The Breakfast Table

Seven Months of Punditry Illuminated

Dear Lucianne,

To quote a president you probably admire, “There you go again.”

” … [S]omebody has to do it,” you say. I disagree passionately. Nobody has to do it. Nobody should do it. And while you obviously haven’t broken down any doors, you did play a part in exposing two people, neither of whom (as you yourself concede) was committing a crime and neither of whom chose to be exposed. “Breaking down doors” was a phrase used metaphorically, and I stand by the metaphor.

However, I also believe our differences on this matter are clear enough by now, and there’s not much profit in belaboring them further. If we continue, we’d merely be reiterating our positions. I will say again that I’m pleased you’ve made your feelings so explicit; doing so illuminates the events of the last seven months more effectively than all the reams of punditry to which we’ve been exposed.

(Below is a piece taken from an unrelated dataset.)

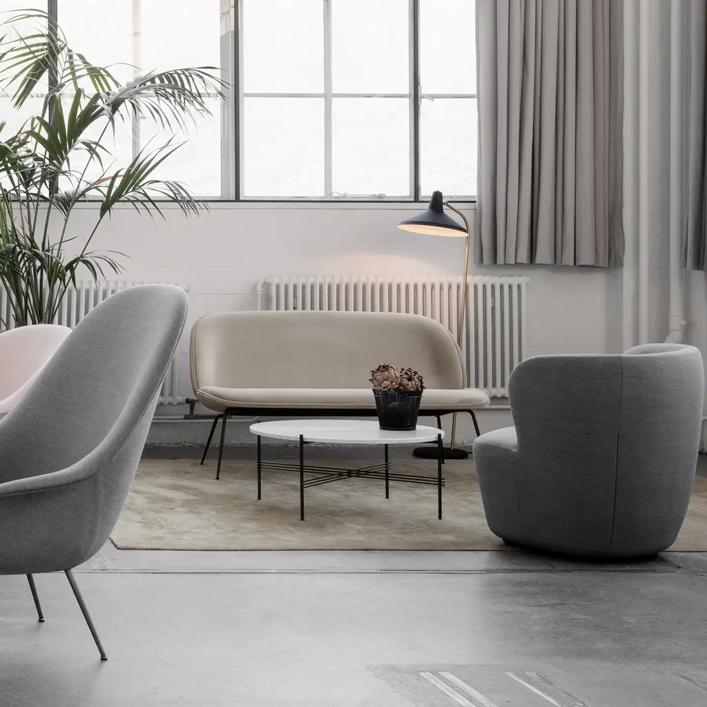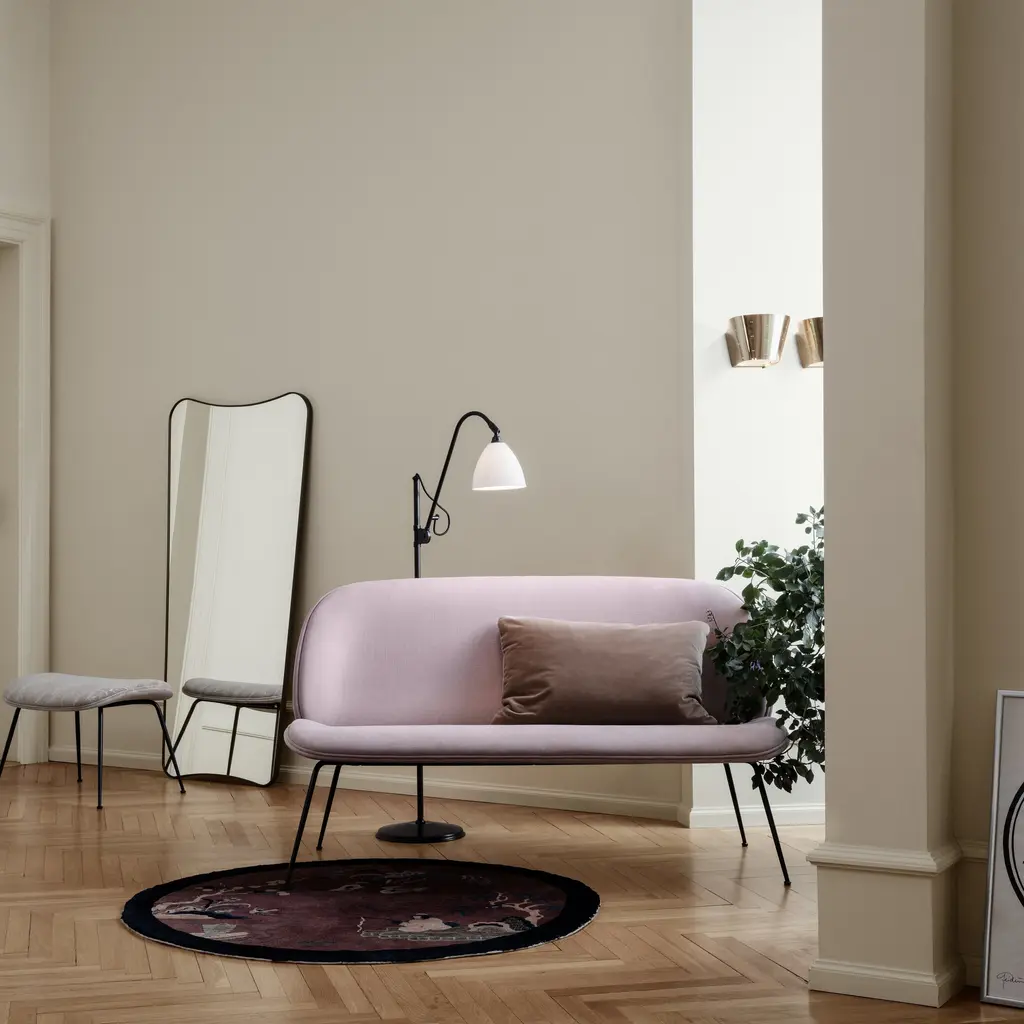GamFratesi plays a long game with the Beetle Sofa for Gubi, extending the chair design inspired by its namesake insect. The 2-seater's molded round shell with well-cushioned interior is enhanced by slender conical legs for a lightly scaled look. With a wide selection of upholstery options and 3 metal finishes for the base, this imaginative seating can be customized to suit the personality of nearly any interior.

If there are any motels in your neighborhood, they’re probably scouting new locations even as I write.

In terms of moving on to other subjects, though, the newspapers persist in being really huge impediments. Do you feel like discussing the Russian ruble? I sure don’t. Did you actually go out and buy those Schumann symphonies? I’m up for discussing those. They may not qualify as news exactly, but CDs are media too, aren’t they?

There is one ghastly story in today’s paper that’s tangentially related to something you wrote in your last letter, and since it also has the novelty of being local–few news stories originate in this little college town I call home, unless they involve some Nobel Prize-winning scientific discovery–it might be worth mentioning. A UC Berkeley undergraduate allegedly witnessed the brutal rape and murder of a little girl perpetrated by his best friend in a Las Vegas men’s room. He didn’t intervene, and he didn’t alert any authorities. He simply absented himself. And since Nevada has no law requiring witnesses to report crimes, no legal sanctions were imposed on him. He starts his sophomore year here today, and a huge noontime rally is planned to protest his presence on campus and demand his expulsion. The university claims, since the student didn’t break any law, to be powerless to intervene in any way.

Is there even a tiny scintilla of something redemptive in a story like that? I can’t find it.